Previously I talked about the data loading in Neuraltalk2. One bad thing to use h5 file is obvious: we duplicate the space for saving the data. And in some sense, it’s a little complicated to modify the h5 file if we have some change in the dataset.

So, fb.resnet.torch has given us a good way to show how we can read the data efficiently without creating a new file.

The multi-threaded way has two main parts:

  • a dataloader.lua which is a general wrapper for different datasets, and can load data in parallel.
  • datasets/[dataset].lua, which provides the implementation to the dataloader, including initialization, preprocessing, and individual loading.

Some thing which may be useful:

  • Each thread has its own enviroment. First, it has its own global variables. Secondly, all the packages used in threads need to be required inside the thread. Thirdly, the lua_path and lua_cpath is the same as the system, but not the current enviroment of th (Previously I explicitly claim lua_path and lua_cpath in the command th, and then when I start the threads, I can’t find some packages). If the error is cannot find package, check the global enviroment variable.
  • Each job will be serialized before sending to each thread (only for asynchronizely addjob mode), so it’s possible if you are calling some functions which cannot be serialized (in my case, functions for hdf5). But in most cases, if you meet problem saying unserializable, the main reason is you didin’t require that package.
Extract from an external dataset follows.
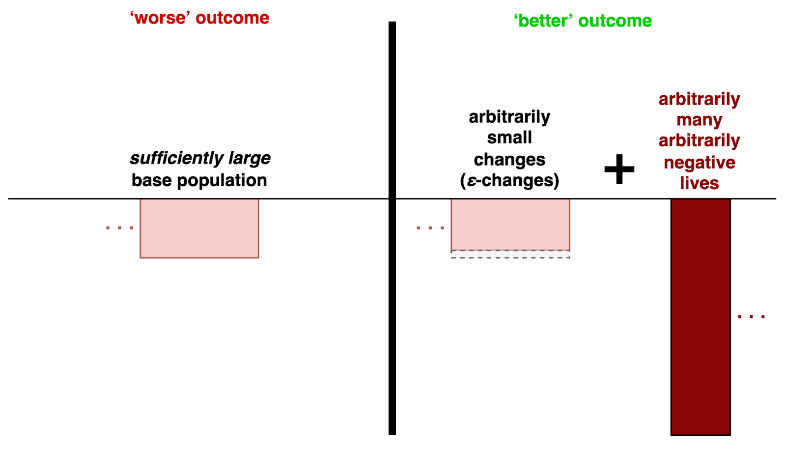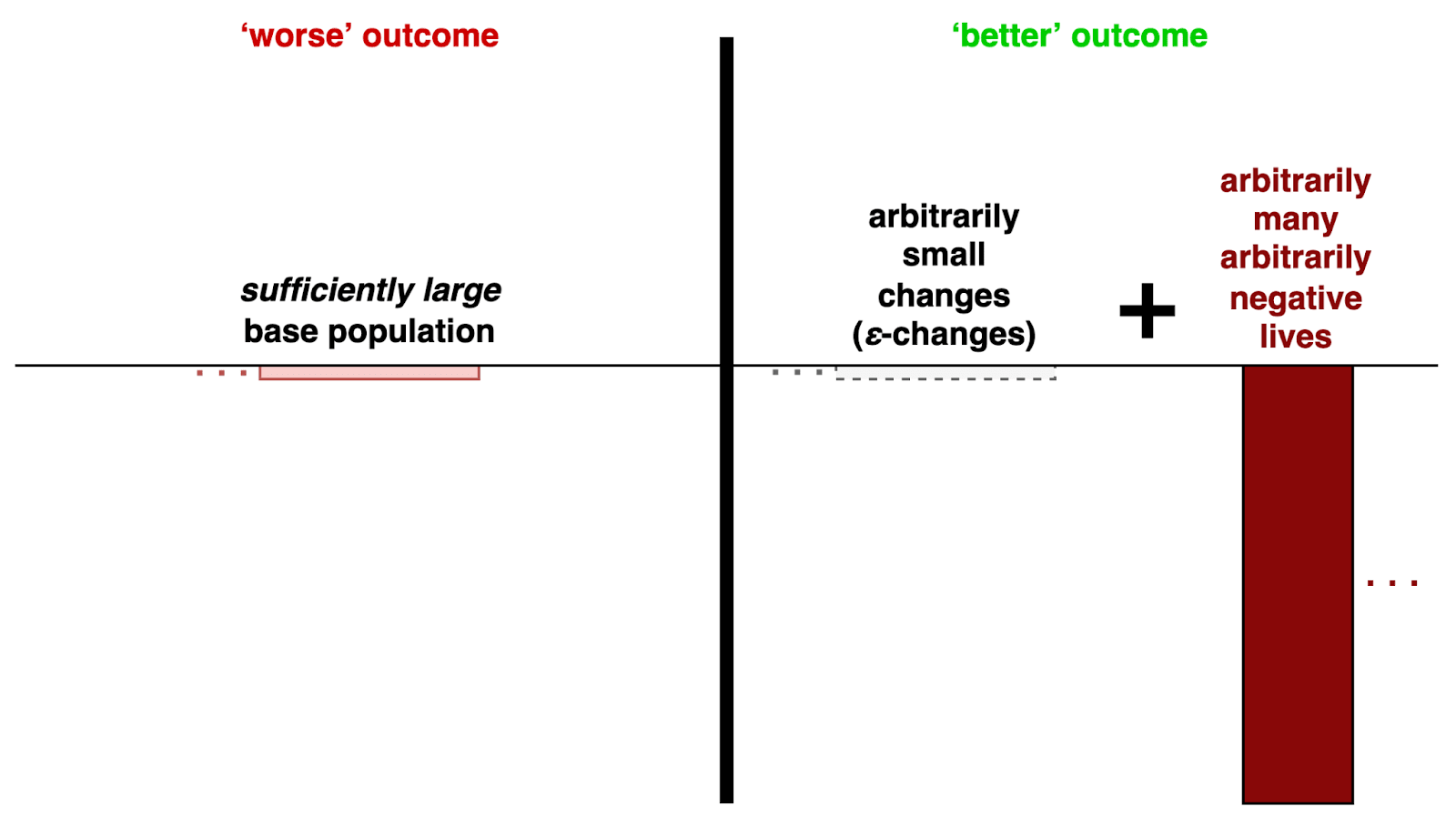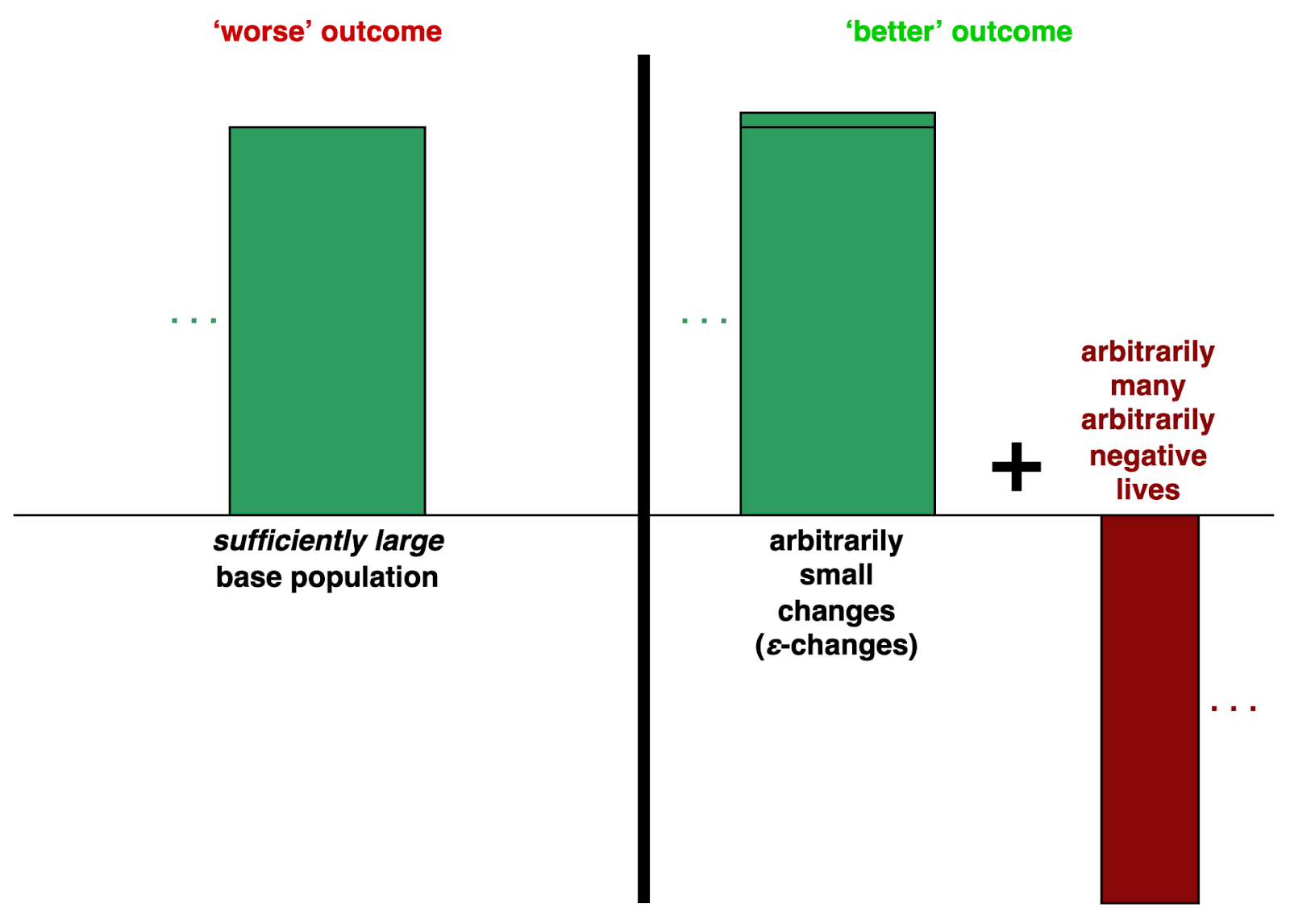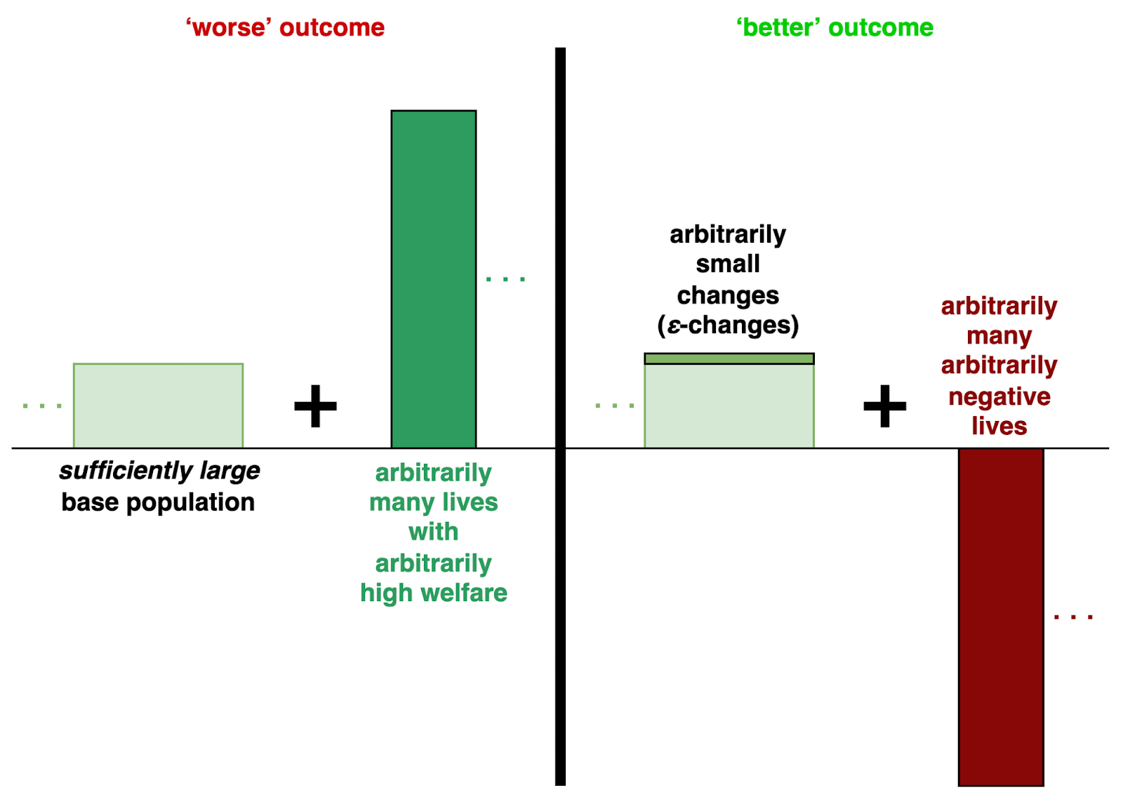 | Rather than adding arbitrarily many lives with arbitrarily high welfare, it is better to add arbitrarily many arbitrarily negative lives and have each life in a sufficiently large base population receive an arbitrarily small quantity (ε) of positive welfare (an ε-change). |

I haven’t done any tests on the speed. Both way should be fast. I believe the hdf5 has its own strategy to load data into memory to avoid reading from disk. And the threaded way apparently can use the BUS more efficiently. But I have no idea which is faster. If loading data randomly, the preloading of hdf5 may not work, and threaded way could be faster. But if we read data sequentially, the threaded way depends much on the disk speed, which I think if the disk is SSD, the speed may be similar, but HDD would make threaded way possibly slower than hdf5.